The London Financial Times is right in describing the departure of Phil Murtaugh, former vice-president of Shanghai Automative Industrial Corporation (SAIC), as a "blow" to the Chinese company.
Murtaugh is joining Chrysler, taken over by Cerberus Capital management last month, to be the new head of its Asian operations. The announcement came only one day after Chrysler enlisted Toyota's former North American head to join its senior management team.
But what about SAIC, China's largest carmaker? What will happen, in particular, to its ambitious international plans? Business observers are eager to learn from SAIC's executive team about the necessary adjustments it is going to make.
Rarely does one person's change of job arouse so much interest. It shows how rules in the world of business have changed.
A successful regional operation, especially in a rapidly growing area of global business, can be more important for an international company than many of its other operations.
Extensive regional expertise, which Murtaugh gained from heading GM's China operations in the 1990s and from facilitating SAIC's buying of some of the assets of the British company, Rover, two years ago, and managing its investment interests in the South Korea carmaker Ssangyong, will be strategically important for a company that is considerably weak in its Asian operations.
But what can SAIC learn from this development? It has nothing to regret, of course. It did the right thing. By hiring a professional it made much progress in building up its business. As reported widely in the Chinese language press, it may be close to a merger deal with Nanjing Automotive by relying on the strength it has gained from its acquisition of Rover's assets.

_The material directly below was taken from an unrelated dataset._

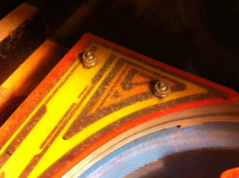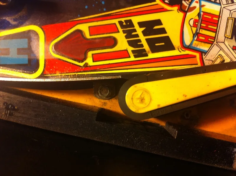 I followed the same procedure to fix the hole created by the star post as I did to repair the centre post hole. The repair went pretty much the same way, the only difference being that I needed to paint a small section yellow to match what was on the playfield. Fiona did an excellent colour match on this one using Createx opaque yellow with a dab of opaque red for darkness. Then, some opaque black for the edge. Unfortunately, I forgot to snap an 'after' picture.
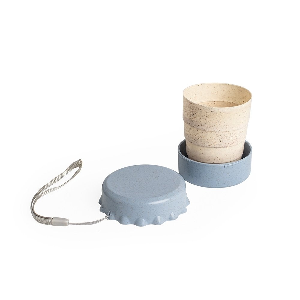 Copo retrátil em palha de trigo de 125ml. Acompanha alça de nylon.

If the company had one team of international executives, instead of just one, it would perhaps be doing even better in international expansion.
This year has been an auspicious one, due to capital market fluctuations and the cheap dollar, for foreign companies, including those from developing countries, to buy assets in the United States. The Indians and Arabs are doing it.
However, few Chinese companies, especially the private ones, are seen to be as active as their counterparts in other parts of Asia.
One reason is that Chinese companies do not usually have a team of international managers. Few of them have high-profile foreign executives as SAIC, a State-owned enterprise, once had.
Indeed, except for Lenovo, China's largest computer manufacturer, very little has been heard from the companies that are operating overseas about their international management teams.
The most incomprehensible case may be TCL, one of China's largest television and home appliance makers with its headquarters in South China's Pearl River Delta.
Ever since its acquisition of some French corporate assets (supposedly useful for expanding into the EU market), the company has yet to report any progress in building up its international team. The information that it has given to the public so far, other than discouraging financial figures, is about frequent changes to its Chinese executive team.
To compete in the global market, Chinese companies need to learn to keep not just one or two, but hundreds or thousands of international managers.